Oh well, maybe an exercise for another day…
One more before I give up… let’s do square root of 2.
n <- 1000
boxes <- tibble(n_multiple = 1:n)
boxes <- boxes %>% mutate(box_no =
multiple_remainder(n_multiple, sqrt(2), log10(n)))
boxes %>% group_by(box_no) %>%
summarize(n = n()) %>% arrange(-n)
## # A tibble: 912 × 2
## box_no n
## <dbl> <int>
## 1 48 2
## 2 53 2
## 3 56 2
## 4 61 2
## 5 72 2
## 6 117 2
## 7 119 2
## 8 122 2
## 9 125 2
## 10 127 2
## # … with 902 more rows
Lots of boxes! I guess that means square root of 2 is kind of like the golden ratio in that there are not a lot of collisions of remainders. There were 912 rows in square root of 2 table but 973 in the e table and 891 in the phi table. This compares to 72 in the pi table…
box_to_check <- 48
m1 <- boxes %>% filter(box_no == box_to_check) %>% select(n_multiple) %>% min
m2 <- boxes %>% filter(box_no == box_to_check) %>% select(n_multiple) %>% max
m1
## [1] 524
m2
## [1] 932
(m2 - m1)* sqrt(2) # numerator
## [1] 576.9991
(m2 - m1) # denominator
## [1] 408
So here we have 577/408 = 1.4142157. Pretty close to sqrt(2) = 1.4142136!
Discussion
Again, it’s getting late and I’m getting sleepy so I’m giving up before we take this too much farther. Some ideas would be:
- Create a function that could automatically return the best rational approximation of 3 digit numbers or 2 digit numbers for any irrational number.

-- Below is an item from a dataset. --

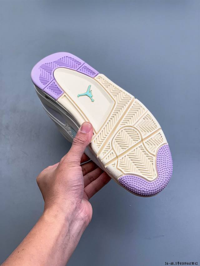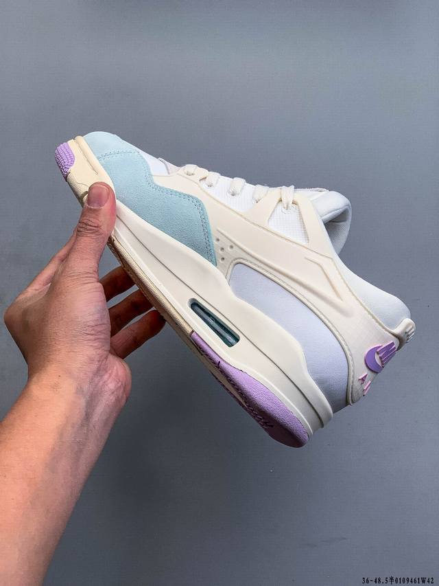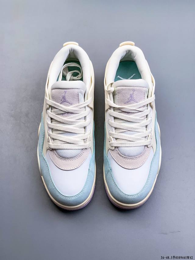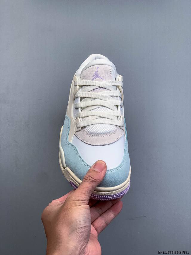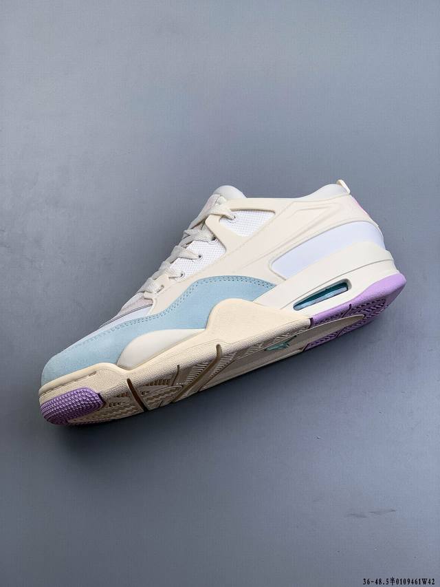 First look at the factory-grade Air Jordan AJ4 RM remastered low-top retro basketball shoes! Featuring a low-top design while retaining many classic AJ4 elements, the upper is constructed from a combination of leather and suede. The classic AJ4 TPU material extends to the heel for enhanced stability. The mesh design on the side of the shoe has been removed. The Nike Air logo at the heel is retained, along with the Jumpman logo. The midsole also features a visible Air unit. The outsole and midsole are finished in a cream color, completing the overall design. 0109461W42

- Look at why the distribution of remainders is broader for certain irrational numbers than for others? Why is pi < phi < sqrt(2) < e as far as boxes? Doesn’t that imply that e is “more irrational” than phi? But the author said that phi is the most irrational?
- Why does my function result in getting numbers that are bigger than 1000 when I’m only asking for numbers up to 1000?